Concluding the film, Huntley warns of another mode of attack, one more devastating then even a surprise air-burst.  He speaks of the water-burst, an underwater detonation of atomic devices in port cities and coastal territories.  Similar to the final segments of You Can Beat The A Bomb, the belief held that an explosion underwater would bring fallout laced rain pouring down upon major cities.  To drive home the fear of this scenario, a longshoreman watches a water burst mushroom cloud fly into the air before stumbling indoors, narrowly missing the water raining over his work zone.  As the music grows somber, he shakes his head slowly in disbelief, backing away from the deadly meteorological situation and heeding Huntley's advice to stay inside. 

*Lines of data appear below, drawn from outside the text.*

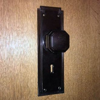 The PERMAX door knob on the lock plate. We are producing the same back-plate without the key-hole. BROLUX is skilfully modelled on this, we at Broughtons are producing them in both Walnut and Black.
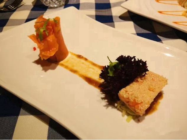 挪威鲑鱼沙拉,一份挪威鲑鱼沙拉你可以吃到两种截然不同的三文鱼肉,一种是做成玫瑰花状生食的烟熏三文鱼肉,而另一种是铺满白芝麻制熟了的三文鱼肉。
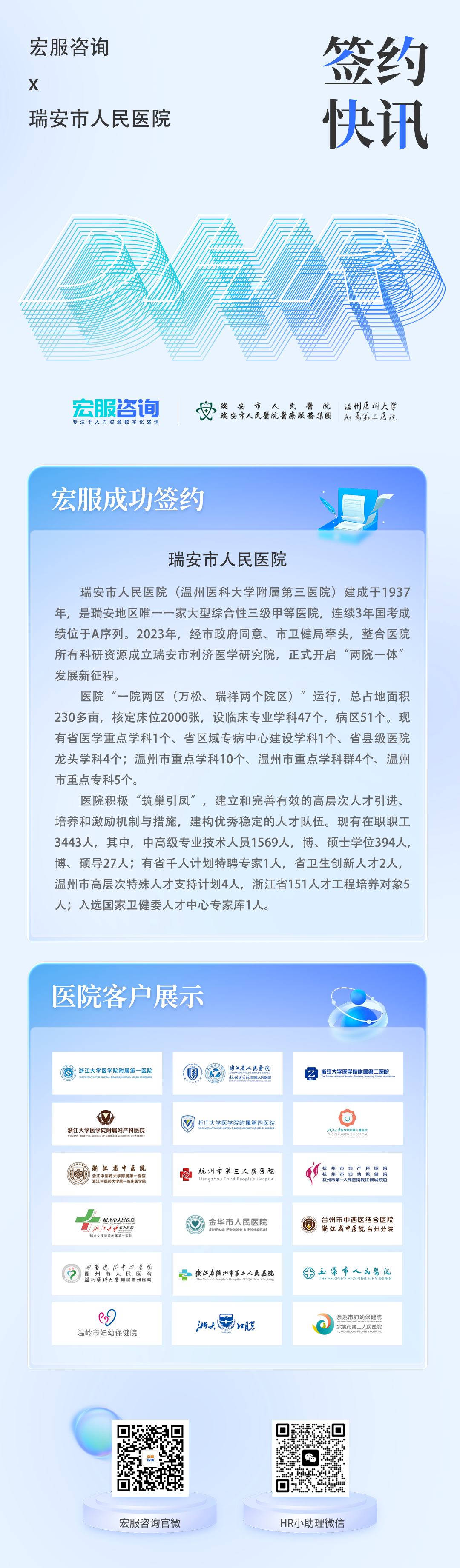 宏服软件成功签约瑞安市人民医院人力资源管理系统
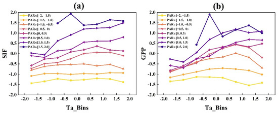 | GPP–SIF (EF Bins) | GPP–SIF (Ta Bins) | |
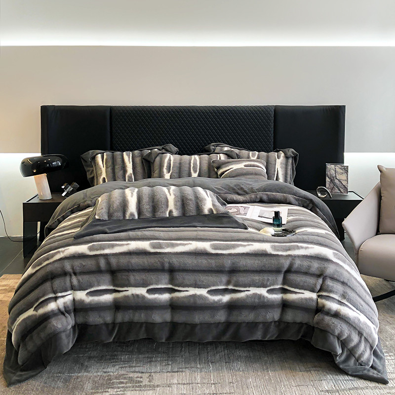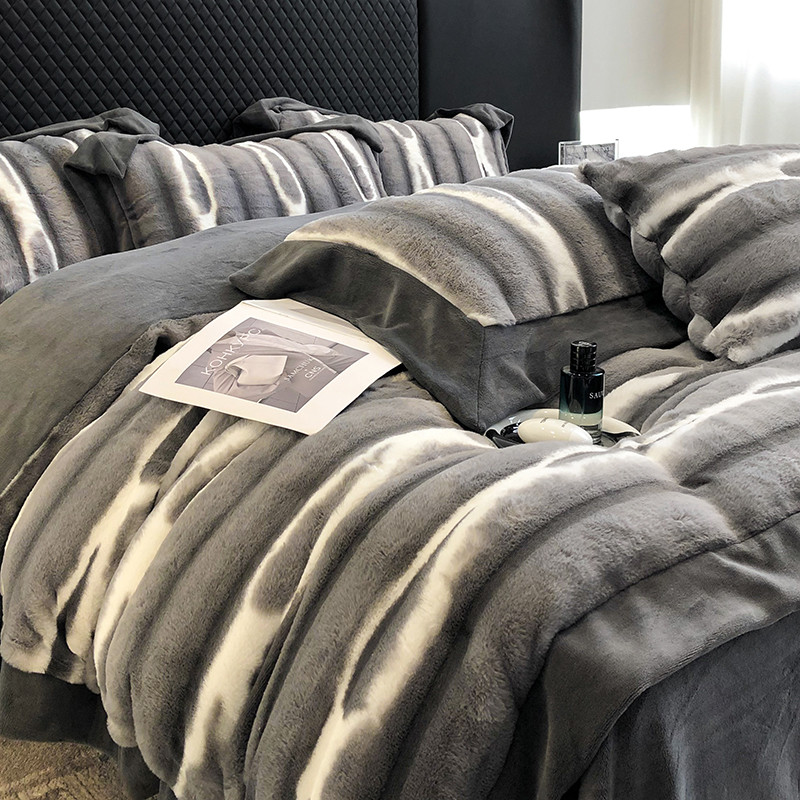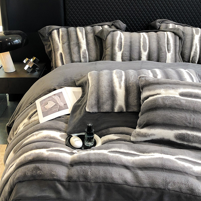 商品名称:秋冬A版500克丹麦貂B版240克全消光牛奶绒高端四件套-巴洛克 巴克洛 玄灰
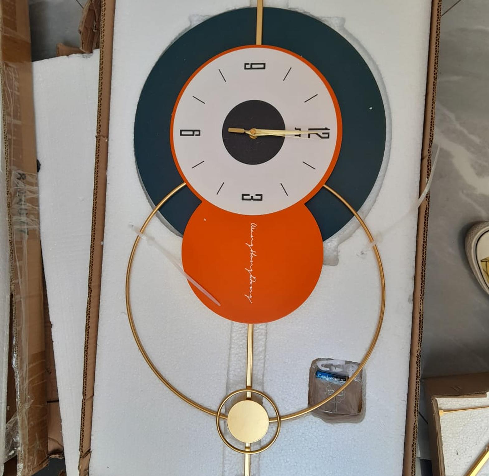 Large wall clock ✅code CHS -10-9-orange ✅Decorative Wall ornament ✅Suitable for living room, Office, ✅Measurements 30*70 cms ✅Power: battery AA ( included)
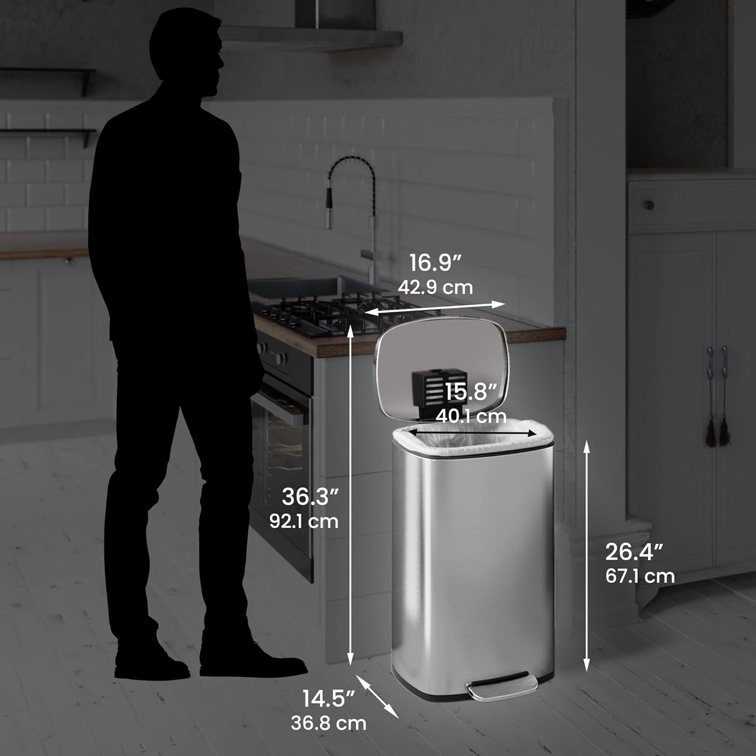 60 Liter / 16 Gallon Rectangular Hands-Free Dual Compartment Recycling Kitchen Step Trash Can with Soft-Close Lid, 2 x 8-Gallon Garbage Can for Kitchen
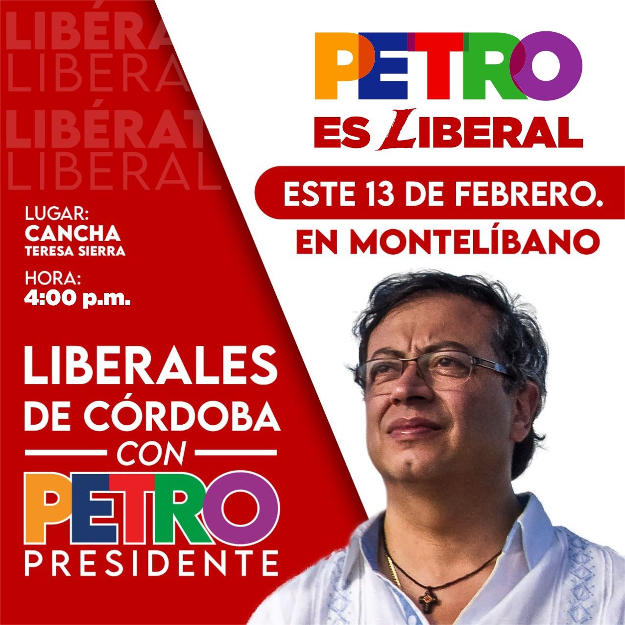 Petro estará en el municipio de Montelíbano, el próximo domingo 13 de febrero, a partir de las 4 de la tarde en la Cancha Teresa Sierra, donde se espera tenga un respaldo multitudinario de la gente del sur del departamento.
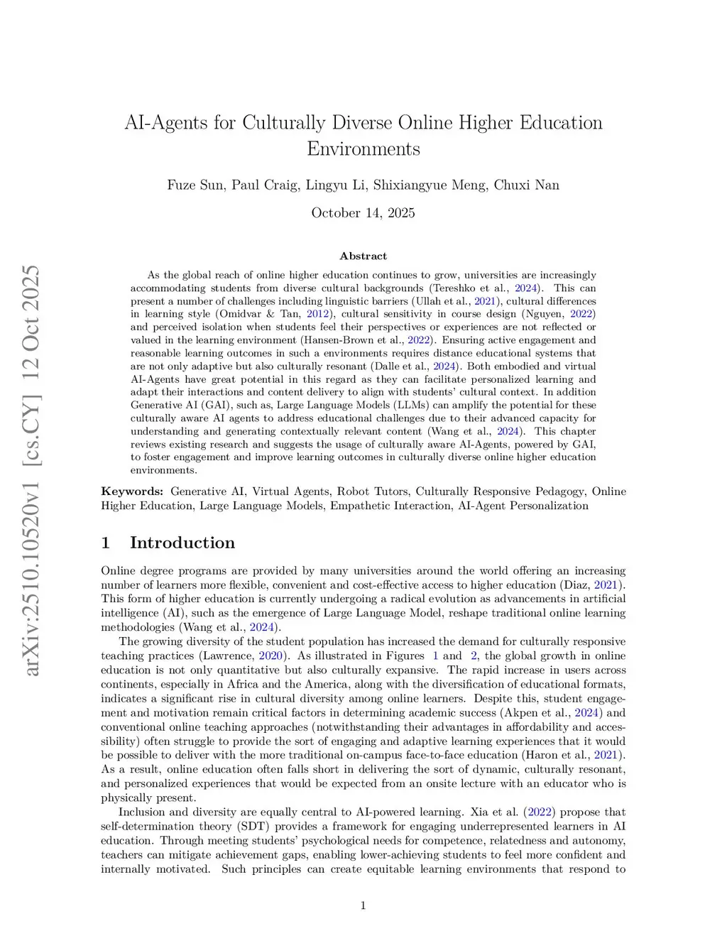 As the global reach of online higher education continues to grow, universities are increasingly accommodating students from diverse cultural backgrounds (Tereshko et al., 2024). This can present a number of challenges including linguistic barriers (Ullah et al., 2021), cultural differences in learning style (Omidvar & Tan, 2012), cultural sensitivity in course design (Nguyen, 2022) and perceived isolation when students feel their perspectives or experiences are not reflected or valued in the learning environment (Hansen-Brown et al., 2022). Ensuring active engagement and reasonable learning outcomes in such a environments requires distance educational systems that are not only adaptive but also culturally resonant (Dalle et al., 2024). Both embodied and virtual AI-Agents have great potential in this regard as they can facilitate personalized learning and adapt their interactions and content delivery to align with students' cultural context. In addition, Generative AI (GAI), such as, Large Language Models (LLMs) can amplify the potential for these culturally aware AI agents to address educational challenges due to their advanced capacity for understanding and generating contextually relevant content (Wang et al., 2024). This chapter reviews existing research and suggests the usage of culturally aware AI-Agents, powered by GAI, to foster engagement and improve learning outcomes in culturally diverse online higher education environments.

                             

"Well there you have it, the bomb will have struck.  Some of us will have perished...  But most of us, those who will have taken the necessary precautions, will be safe, although there will be much left to do.  Because such an explosion will have left some areas dangerously radioactive.  Much can be done, but most will fall in the hands of Civilian Defense Groups, disaster squads, and Red Cross Units!  They will be there to help you, they will instruct you to bury contaminated clothing, not to burn it, since smoke is a carrier of radioactive particles.  They will show you how your coarse, grease cutting soap will either remove or reduce radioactivity from your body.  They will tell you to listen to your radio attentively for important instructions, and they will help those who will not be in a condition to help themselves.  Theirs will indeed be a noble duty!  Meanwhile your duty will be to support these groups and to help organize them if need be.  In so doing, you will not be doing something and getting nothing in return, you will be giving to protect yourself, your home, and your country!"